Мы сидели молча и каждый думал свою думу.
Лица и глаз кучера Еремея не было видно. В такт полозьям качалась его широкая, кругло-покатая спина. Он мурлыкал какую-то, одному ему известную песню без начала и без конца. Запомнился припев: «Ох, уж мы, ребятушки, отобьем вам спинушки, вдоволь насмеемся и сызнова начнем…» Любовь Аркадьевна шевелила бледными, запекшимися губами, возможно повторяла бальмонтовские строки. А мне вспомнился Гринев. Кибитка, несшаяся по Оренбургской степи. Маша. Савельич. Пугачев…
Почему-то в зимние дни и вьюжные ночи набегающими волнами на душу опускается былое, немного грустное и чаще с горьковатым привкусом…
1930 год. Мы только что отпраздновали новоселье и мое семилетие.
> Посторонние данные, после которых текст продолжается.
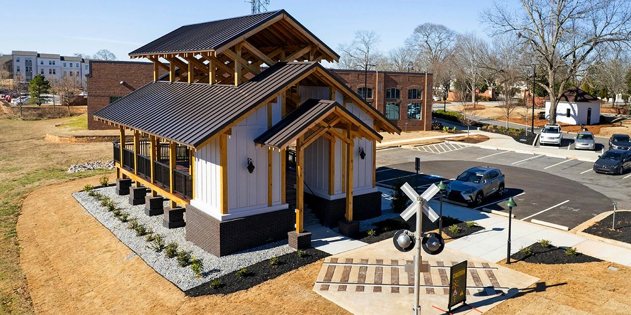 - 300 SF open-walled custom timber structure on a brownfield site for watching trains pass through downtown Duluth, GA.
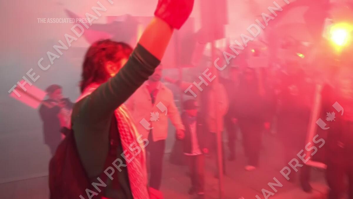 Pro-Palestinian protesters lit flares and waved flags as they marched to a stadium in Oslo where a soccer World Cup qualifier between Norway and Israel was set to be played on Saturday. (AP video shot by: Kostya Manenkov)
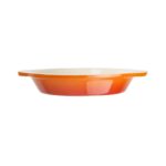 A traditional round shaped cast iron gratin dish with ears on each side for easy carrying. This dish has excellent heat retaining properties and provides even heat distribution for a great cook every time. This attractive orange dish is ideal for oven to table use, perfect for serving a variety of delicious dishes.
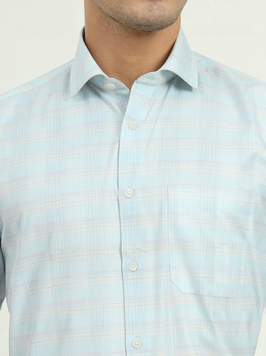 Sea Blue Solid Regular Fit Formal Shirt | Greenfire
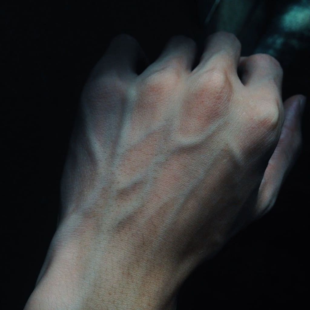 Blue veins stream his arm
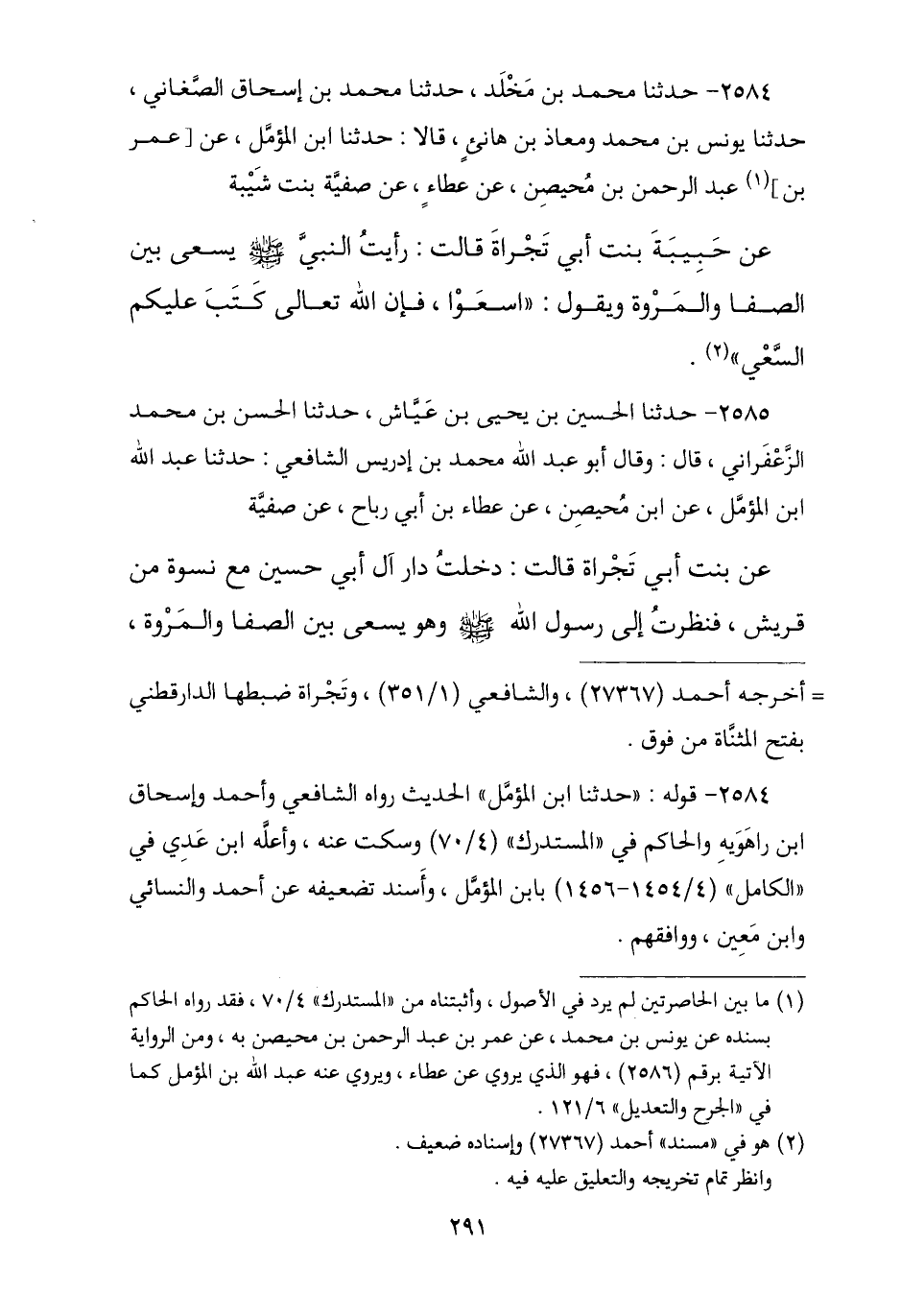 2584 - نا مُحَمَّدُ بْنُ مَخْلَدٍ , نا مُحَمَّدُ بْنُ إِسْحَاقَ الصَّغَانِيُّ , نا يُونُسُ بْنُ مُحَمَّدٍ , وَمُعَاذُ بْنُ هَانِئٍ , قَالَا: نا ابْنُ الْمُؤَمَّلِ , عَنْ عَبْدِ اللَّهِ بْنِ مُحَيْصِنٍ , عَنْ عَطَاءٍ , عَنْ صَفِيَّةَ بِنْتِ شَيْبَةَ , عَنْ حَبِيبَةَ بِنْتِ أَبِي تَجْرَاةَ , قَالَتْ: رَأَيْتُ النَّبِيَّ صَلَّى اللهُ عَلَيْهِ وَسَلَّمَ يَسْعَى بَيْنَ الصَّفَا وَالْمَرْوَةِ , وَيَقُولُ: § «اسْعَوْا فَإِنَّ اللَّهَ كَتَبَ عَلَيْكُمُ السَّعْيَ»

Через два месяца, 27 сентября, люди в кожаных куртках придут забирать отца. В те годы мы взрослели по минутам и часам. Я стал единственным мужчиной в доме. Во дворе и школе мальчишки и девчонки — октябрята с ленинскими звездочками и пионеры в красных галстуках, — тыча в глаза грязными пальцами, усеянными бородавками и волдырями, ядовито кричали: «У, вражина!» Злобы у них не было, они повторяли слова родителей — ударников заводов и фабрик, членов ВКП(б) и ВЛКСМ. Их папы и мамы, поджимая тонкие, в ниточку, бескровные губы, выдавливая из себя участие, спрашивали нарочито-громко: «Леша, мать-то еще не взяли?»
Так прошелестел год.
…На трамвае через всю Москву едем на десятиминутное свидание в Бутырскую тюрьму. Я почти не вижу отца, он заслонен охранниками с винтовками наперевес. Зловещая «тройка» осудила его на десять лет каторжных работ. Колесо лихолетья провертело невинного человека, как и десятки миллионов, по всему кругу залитого кровью «архипелага…»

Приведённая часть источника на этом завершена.